**TASK STATEMENT:** Pictures stay out of the copy; set down each line of the listing below exactly.

**PROVIDED DATA:**
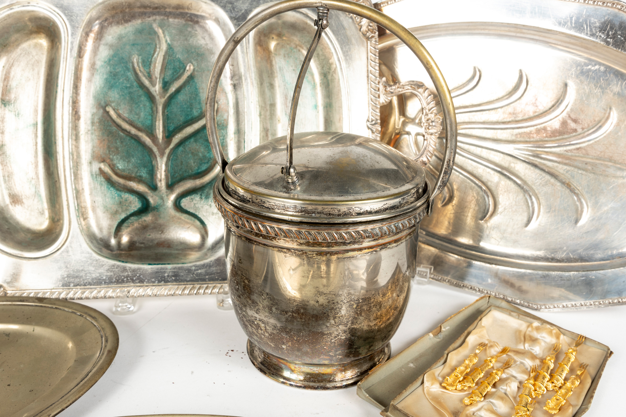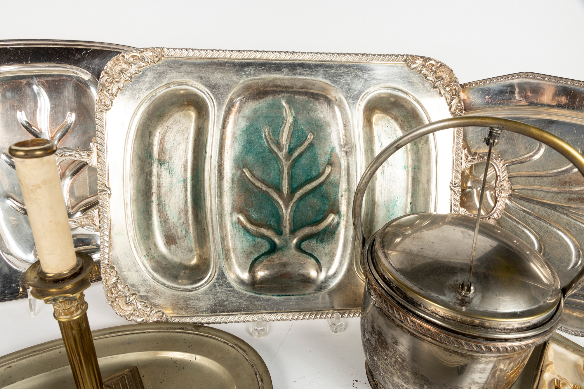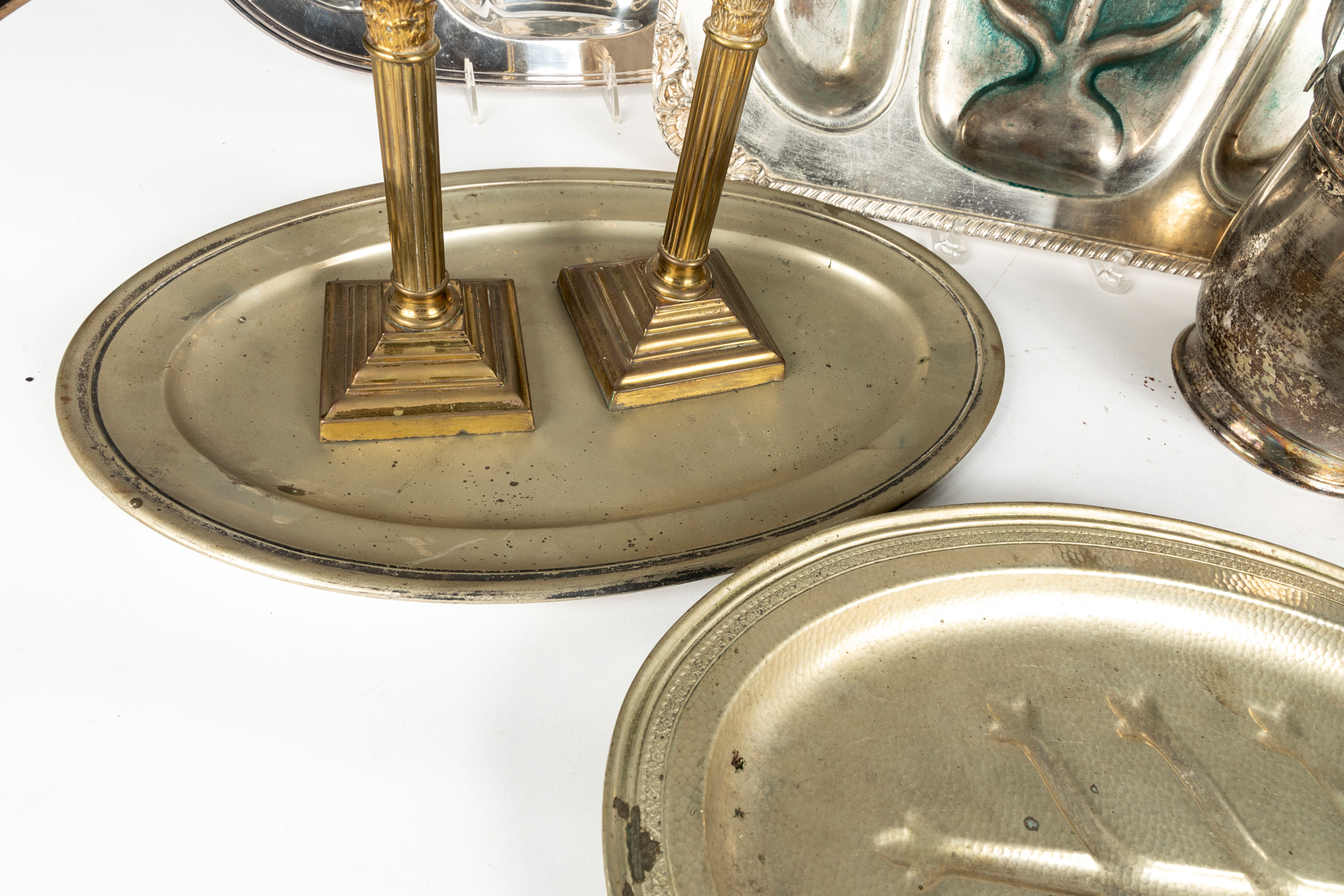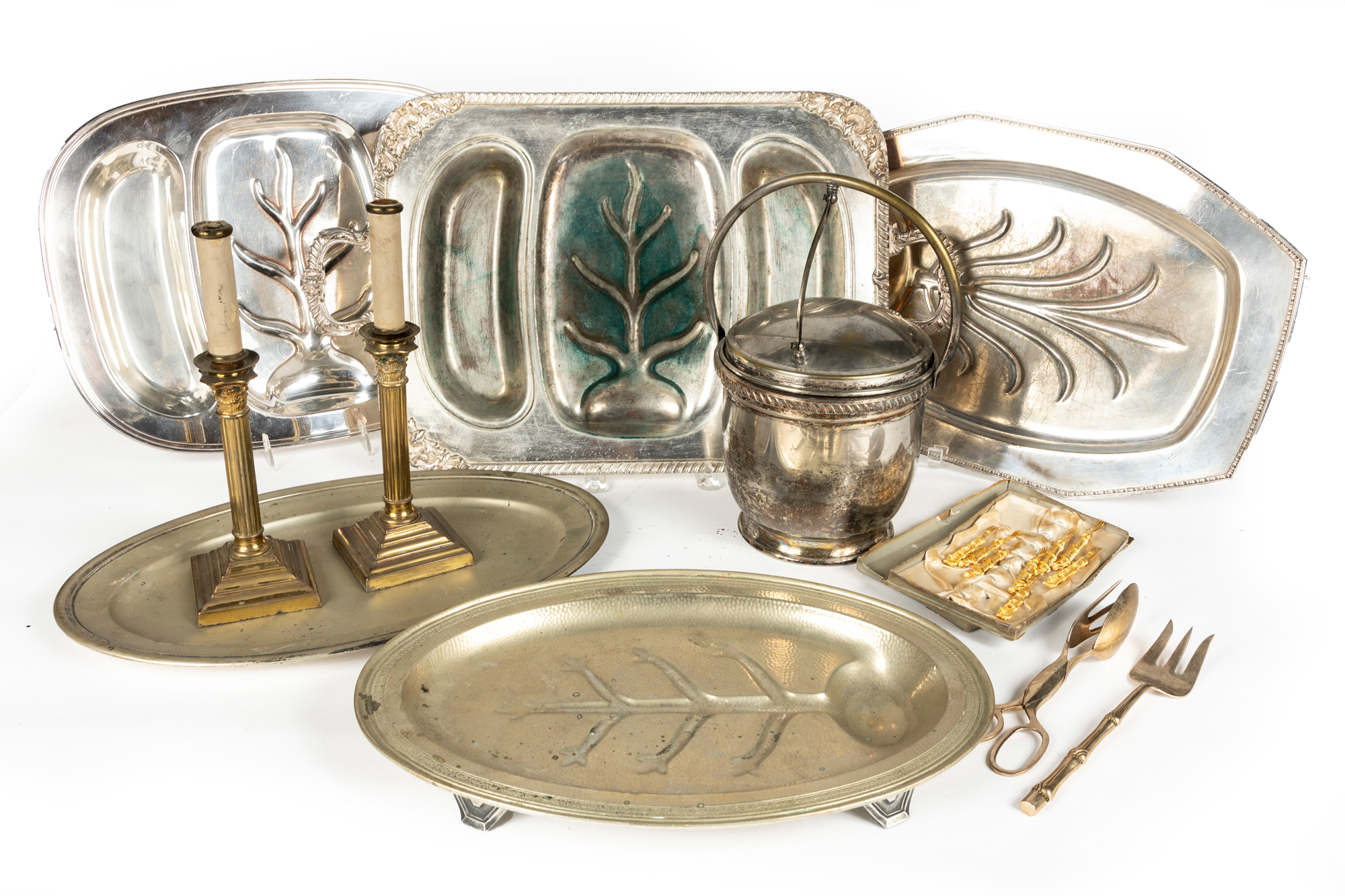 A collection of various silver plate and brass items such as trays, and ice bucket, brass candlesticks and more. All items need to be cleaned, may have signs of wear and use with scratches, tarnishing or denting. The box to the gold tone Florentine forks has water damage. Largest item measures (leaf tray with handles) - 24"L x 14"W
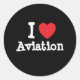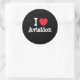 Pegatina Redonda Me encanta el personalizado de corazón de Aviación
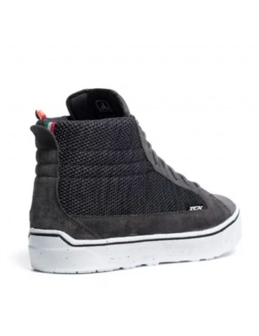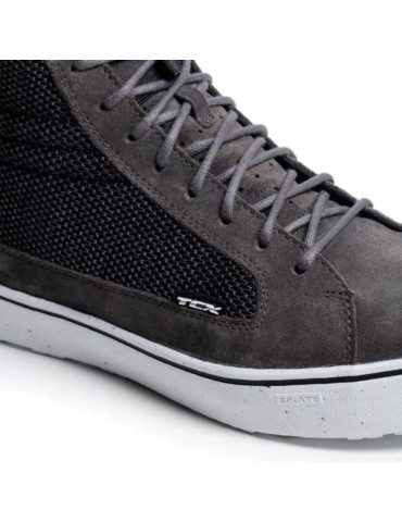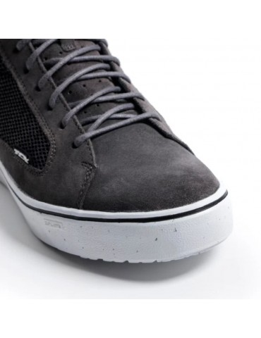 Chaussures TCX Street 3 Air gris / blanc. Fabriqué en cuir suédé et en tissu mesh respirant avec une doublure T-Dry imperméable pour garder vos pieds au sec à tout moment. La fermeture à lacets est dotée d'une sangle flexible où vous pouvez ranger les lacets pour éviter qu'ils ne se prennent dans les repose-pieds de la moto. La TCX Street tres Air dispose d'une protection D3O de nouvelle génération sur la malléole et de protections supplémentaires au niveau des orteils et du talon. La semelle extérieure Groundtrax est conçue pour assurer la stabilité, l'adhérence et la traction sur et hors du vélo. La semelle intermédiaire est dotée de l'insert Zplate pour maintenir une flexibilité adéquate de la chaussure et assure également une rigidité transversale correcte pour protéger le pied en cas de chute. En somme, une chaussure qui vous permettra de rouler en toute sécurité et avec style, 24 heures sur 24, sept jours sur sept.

**SOLUTION FOR THIS PROBLEM:**
 A collection of various silver plate and brass items such as trays, and ice bucket, brass candlesticks and more. All items need to be cleaned, may have signs of wear and use with scratches, tarnishing or denting. The box to the gold tone Florentine forks has water damage. Largest item measures (leaf tray with handles) - 24"L x 14"W
 Pegatina Redonda Me encanta el personalizado de corazón de Aviación
 Chaussures TCX Street 3 Air gris / blanc. Fabriqué en cuir suédé et en tissu mesh respirant avec une doublure T-Dry imperméable pour garder vos pieds au sec à tout moment. La fermeture à lacets est dotée d'une sangle flexible où vous pouvez ranger les lacets pour éviter qu'ils ne se prennent dans les repose-pieds de la moto. La TCX Street tres Air dispose d'une protection D3O de nouvelle génération sur la malléole et de protections supplémentaires au niveau des orteils et du talon. La semelle extérieure Groundtrax est conçue pour assurer la stabilité, l'adhérence et la traction sur et hors du vélo. La semelle intermédiaire est dotée de l'insert Zplate pour maintenir une flexibilité adéquate de la chaussure et assure également une rigidité transversale correcte pour protéger le pied en cas de chute. En somme, une chaussure qui vous permettra de rouler en toute sécurité et avec style, 24 heures sur 24, sept jours sur sept.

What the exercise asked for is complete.